3.    Summary of significant accounting policies (continued)

      Investment. The Trust holds an interest in 99% of the outstanding Class B
      preferred shares (20,000 shares of non voting stock) of beneficial
      interest of Sierra Capital Acceptance ("Investee"), a Delaware business
      trust which originates and sells residential mortgage loans. Sierra
      Capital Services, Inc., a related party, owns 99% of the Class A common
      shares of beneficial interest of the Investee and maintains voting
      control. The Class B preferred shares are entitled to a 15% return per
      annum. All net profits and losses are allocated to the Class A common
      shares. Class A common shareholders are required to contribute or loan
      additional capital to cover any operating losses. The Investee is taxed as
      a partnership. The Trust accounts for its investment under the equity
      method and accrues earnings as described above (15% return) in accordance
      with the Investee's trust agreement. Earnings from this investment are
      recorded as interest income on the Statements of Operations.

      Income taxes. The Trust intends at all times to qualify as a real estate
      investment trust ("REIT") for federal income tax purposes, under Sections
      856 through 860 of the Internal Revenue Code of 1986, as amended and
      applicable Treasury Regulations. Therefore, the Trust generally will not
      be subject to federal corporate income taxes on its net income that is
      currently distributed to stockholders. To qualify as a REIT, the Trust
      must elect to be so treated and must meet on a continuing basis certain
      requirements relating to the Trust's organization, sources of income,
      nature of assets, and distribution of income to shareholders. In addition,
      the Trust must maintain certain records and request certain information
      from its stockholders designed to disclose actual ownership of its stock.
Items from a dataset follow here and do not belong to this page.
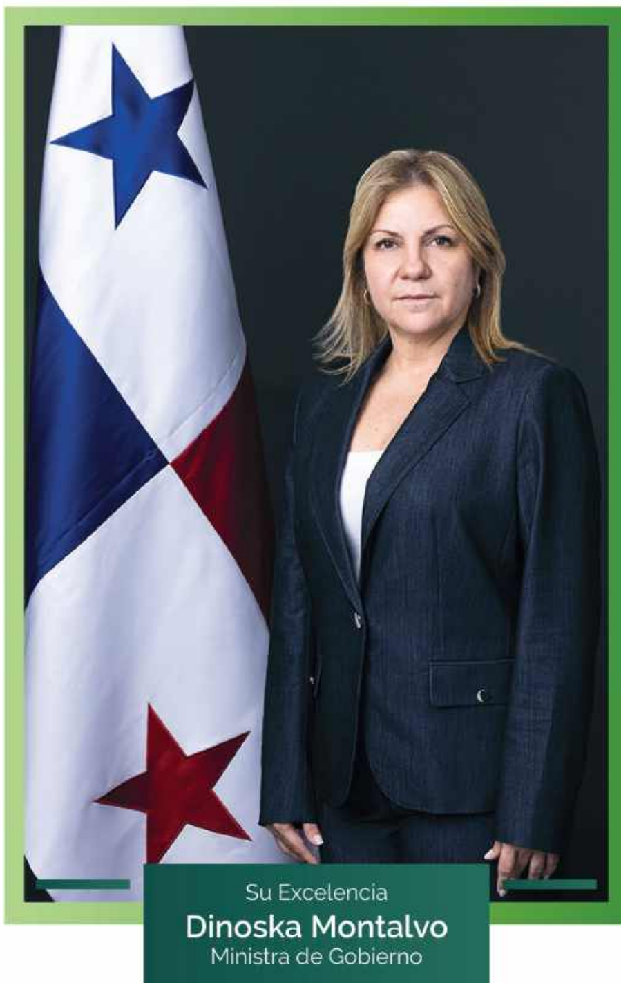
Su Excelencia Dinoska Montalvo Ministra de Gobierno
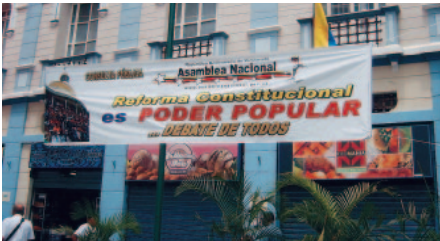
Le "pouvoir populaire" : un moyen de diffuser les idées et les hommes de Chavez.

Manière d'entériner une politique déjà passée dans les faits : il est déjà acquis que deux officiers qui se parlent doivent d'abord se saluer en lançant rituellement : "Le socialisme, la patrie ou la mort". Un copié-collé venu du castrisme. Ajoutons qu'elle aurait une posture de résistance populaire. Manière
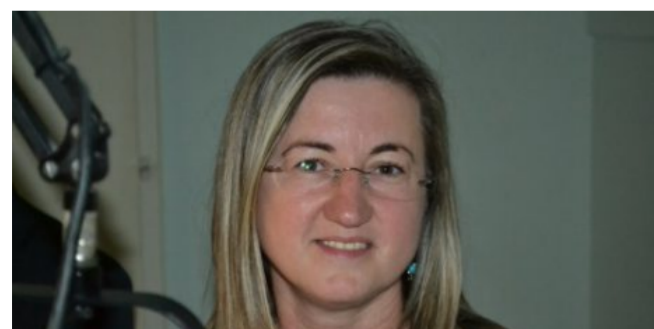
LAKOSSÁGI FÓRUM MAKÓN
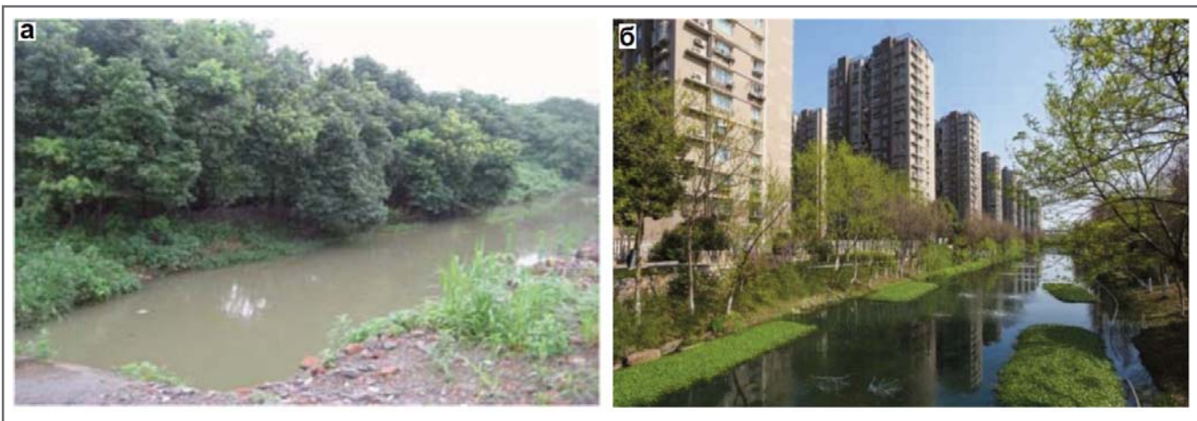
Рис. 2. Фотографии реки Данунган до (а) и после (б) рекультивации этого водотока и создания на его поверхности плавучих островков из растений

среды, подходящей для размножения и роста водных и околоводных растений, животных и микроорганизмов и улучшения способности водных объектов к самоочищению.
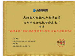
2021北极星杯·公众开放优秀电厂
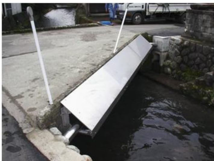
福井県 大野市 SUS304 80A+ラッキング 添架長さ 11m
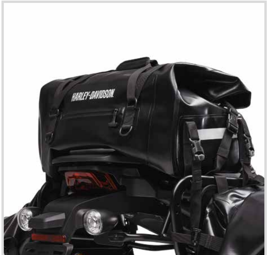
B. PAN AMERICA ADVENTURE REISETASCHE
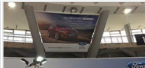
megabord u hali 1, V-baner, vinil, 735x427 cm 96.000 din/kom. kom.
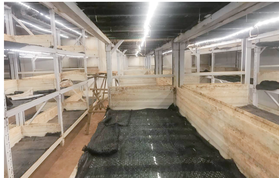
▲由于空调问题,王先生的种植场一直处于停工状态
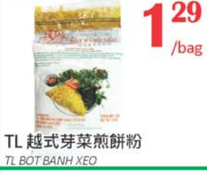
1.29 /bag TL 越式芽菜煎餅 TL BOT BANH XEO
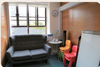
愛·談天 配有隔音設備的會談空間
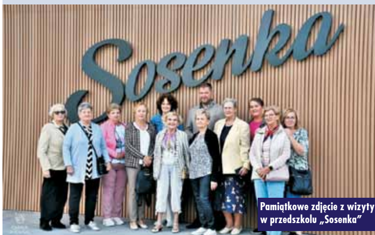
Pamiątkowe zdjęcie z wizyty w przedszkolu „Sosenka”

Na zakończenie spotkania seniorki podziękowały za serdeczne przyjęcie i wyraziły swoją radość z obserwacji, jak gmina Rychtal rozwija się i inwestuje w edukację młodych mieszkańców. Oprac. KR
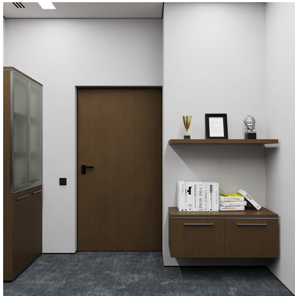
Помещение 5.30. Вид 8. Кабинет генерального директора.
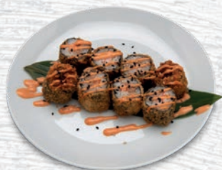
71 HOSOMAKI SPECIAL* GAMBERI COTTO, TONNO COTTO, SALSA SPICY € 6,50
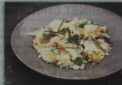
Kasza pęczak była niegdyś bardziej popularna i częściej gościła na naszych stołach. Obecnie powoli wraca do łask, a potraw i możliwości związanych z jej wykorzystaniem jest mnóstwo.

Prezentacja: kaszę wykładamy na gorący, najlepiej głęboki talerz i posypujemy szczypiorkiem.
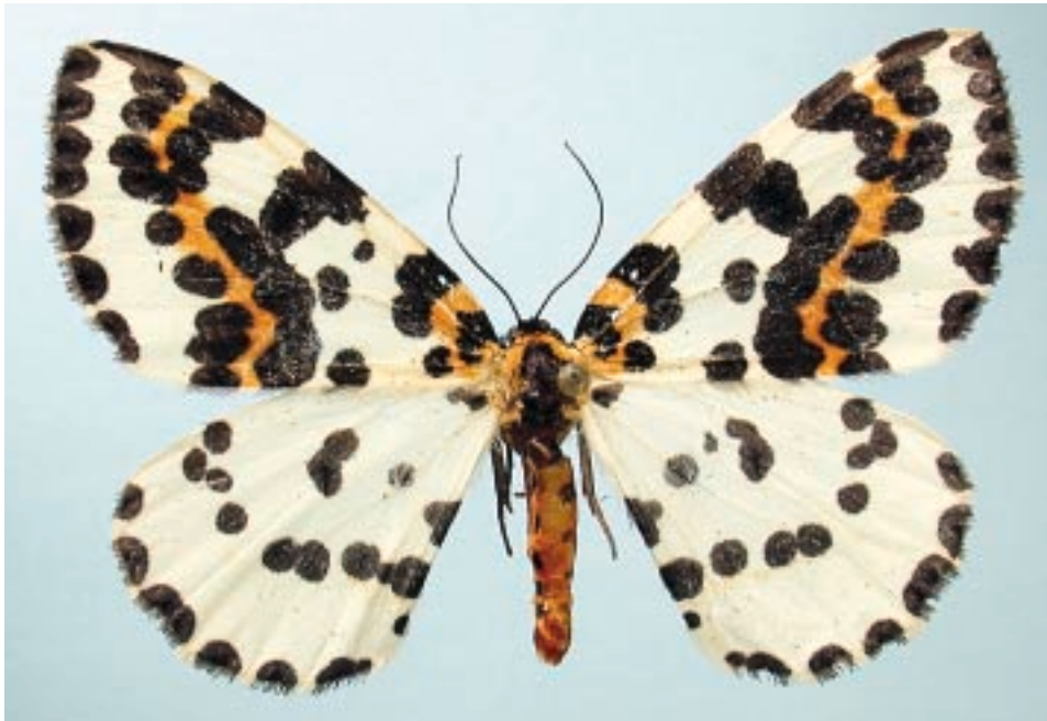
Fig. 10 - Abraxas grossulariatus (Linnaeus, 1758) da Varisella (TO), località Moncolombone.

Ceresole Reale (TO), V.ne del Carro, m 1920, 26.07.1994.
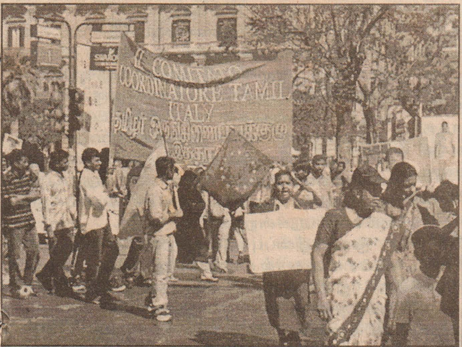
இத்தாலியில் வியா கவுரில் உள்ள உள்நாட்டு அமைச்சு முன்றலில்...
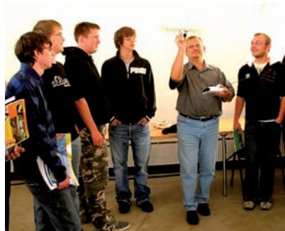
Jugendarbeit vor Ort in St. Wendel
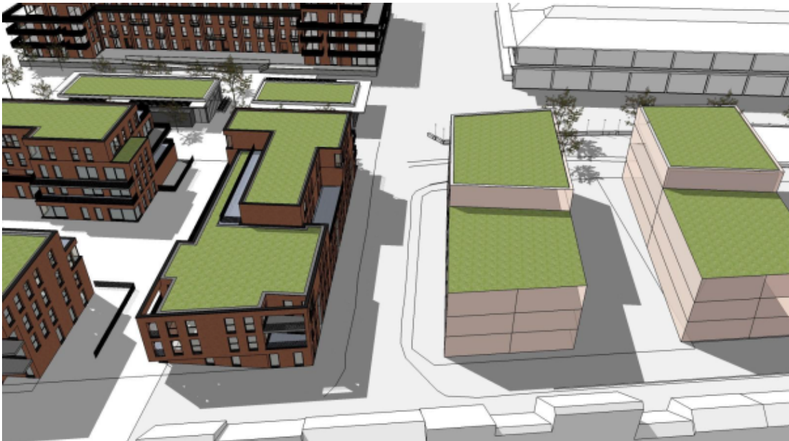
zicht van de nieuwbouw volgens de nieuwe rooilijn (Z4) in het RUP

De aanvraag tot sloop laat toe om - in een volgende aanvraag - nieuwbouwvolumes te zetten in de zone Z1c die de nieuwe rooilijn van het RUP Voorhaven Loods 20 volgen, en geeft daarmee uitvoering aan de voorschriften van het RUP.
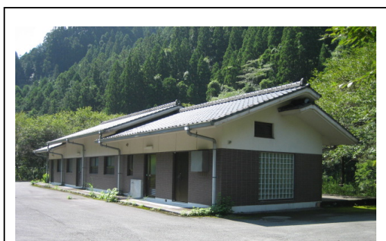
(農業集落排水処理施設)

注) 水道水源水域とは、水質汚濁防止法に規定する公共用水域であってその水が水道事業又は水道法に規定する水道用水供給事業のための原水として取水施設により取り入れられるもの及びその公共用水域にその水が流入する公共用水域をいいます。つまり氷川ダムに流入する河川、公共水路はすべて水道水源水域となります。

      In order to maintain its qualification as a REIT, the Trust must annually
      satisfy three gross income requirements. First, at least 75% of the
      Trust's gross income (excluding gross income from prohibited transactions)
      for each taxable year must be derived from, among other things, interest
      on obligations secured by mortgages on real property and rents from real
      property. Second, at least 95% of the Trust's gross income (excluding
      gross income from prohibited transactions) for each taxable year must be
      derived from the sources described under the 75% gross income test,
      dividends, interest, and gain from the sale or disposition of stock or
      securities. Third, short-term gain from the disposition of securities,
      gain from prohibited transactions, and gain on the disposition of real
      property held for less than four years (apart from involuntary conversions
      and disposition of foreclosure property) must represent less than 30% of
      the Trust's gross income (including gross income from prohibited
      transactions) for each taxable year.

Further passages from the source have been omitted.